--- INSTRUCTIONS TO FOLLOW ---
Return nothing but the lines from the one with "二塁手本間 後方への飛球に一歩及ばず 背景の桜がシュールだ" through the one with "Chad has $6.37B" in the data below, word for word and without pictures.

--- RECORDS SHOWN ---
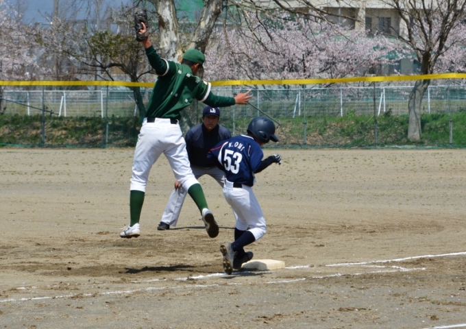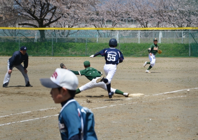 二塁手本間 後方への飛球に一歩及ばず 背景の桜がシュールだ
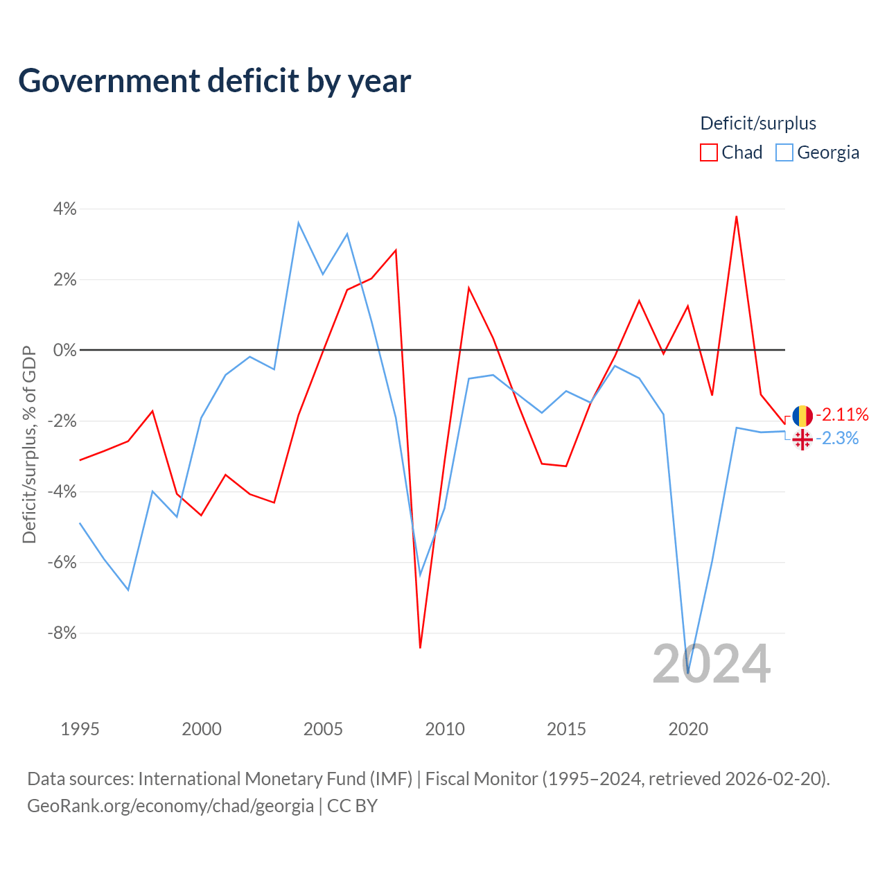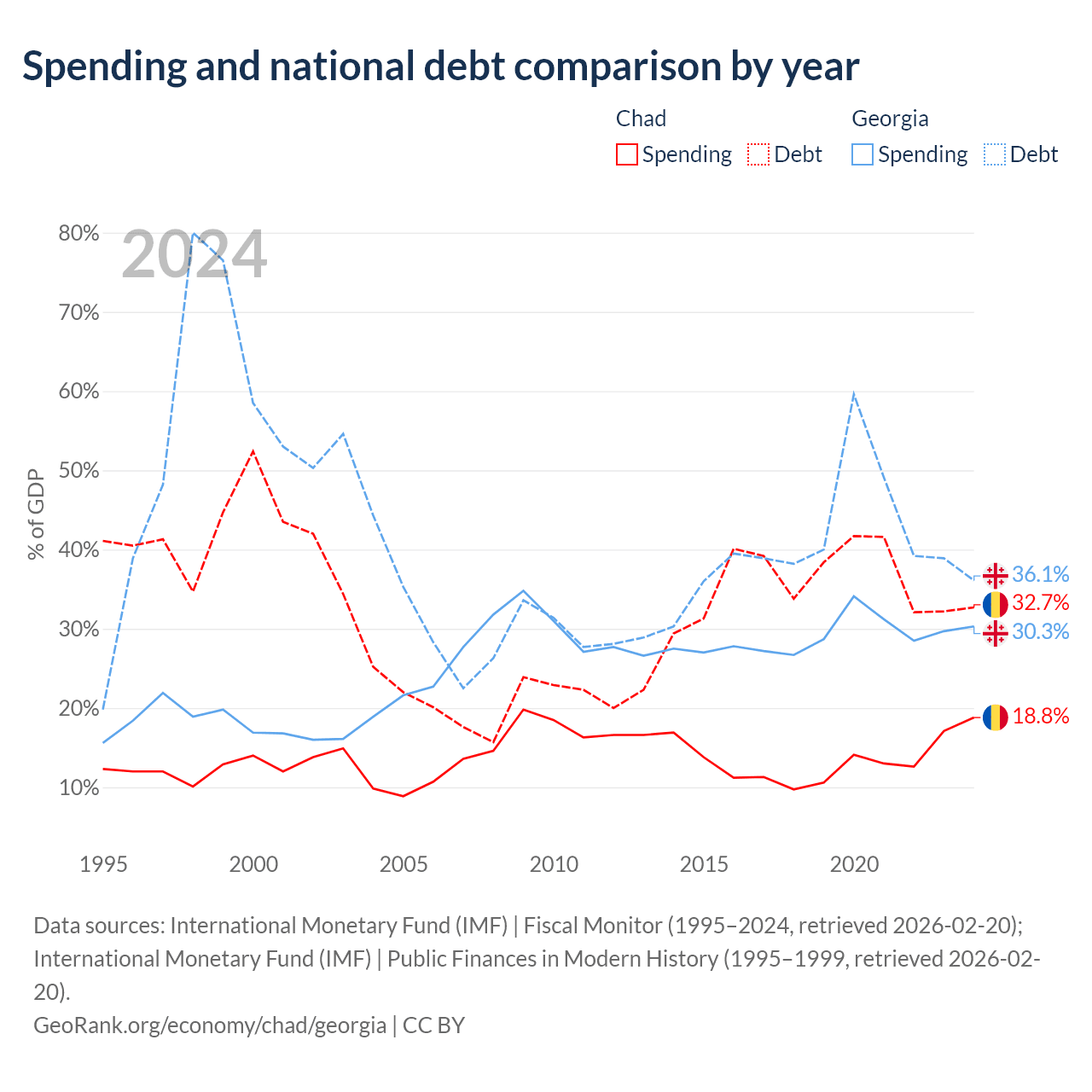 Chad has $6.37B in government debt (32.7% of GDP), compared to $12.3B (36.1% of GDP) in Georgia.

* * *

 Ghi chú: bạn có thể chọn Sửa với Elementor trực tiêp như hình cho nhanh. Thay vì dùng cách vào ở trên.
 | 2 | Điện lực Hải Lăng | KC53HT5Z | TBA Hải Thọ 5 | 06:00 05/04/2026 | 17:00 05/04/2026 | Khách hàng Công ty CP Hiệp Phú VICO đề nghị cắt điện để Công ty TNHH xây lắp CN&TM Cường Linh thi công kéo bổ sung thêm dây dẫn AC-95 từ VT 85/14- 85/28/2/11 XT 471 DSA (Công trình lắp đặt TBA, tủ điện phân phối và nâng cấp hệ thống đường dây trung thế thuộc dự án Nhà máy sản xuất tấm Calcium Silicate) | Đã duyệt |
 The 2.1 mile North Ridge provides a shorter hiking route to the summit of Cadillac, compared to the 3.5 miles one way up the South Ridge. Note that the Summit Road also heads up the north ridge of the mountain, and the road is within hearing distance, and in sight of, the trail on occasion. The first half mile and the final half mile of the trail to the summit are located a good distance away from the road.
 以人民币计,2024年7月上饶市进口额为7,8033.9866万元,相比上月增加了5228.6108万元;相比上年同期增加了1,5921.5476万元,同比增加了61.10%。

--- RESPONSE AREA ---
 二塁手本間 後方への飛球に一歩及ばず 背景の桜がシュールだ
 Chad has $6.37B in government debt (32.7% of GDP), compared to $12.3B (36.1% of GDP) in Georgia.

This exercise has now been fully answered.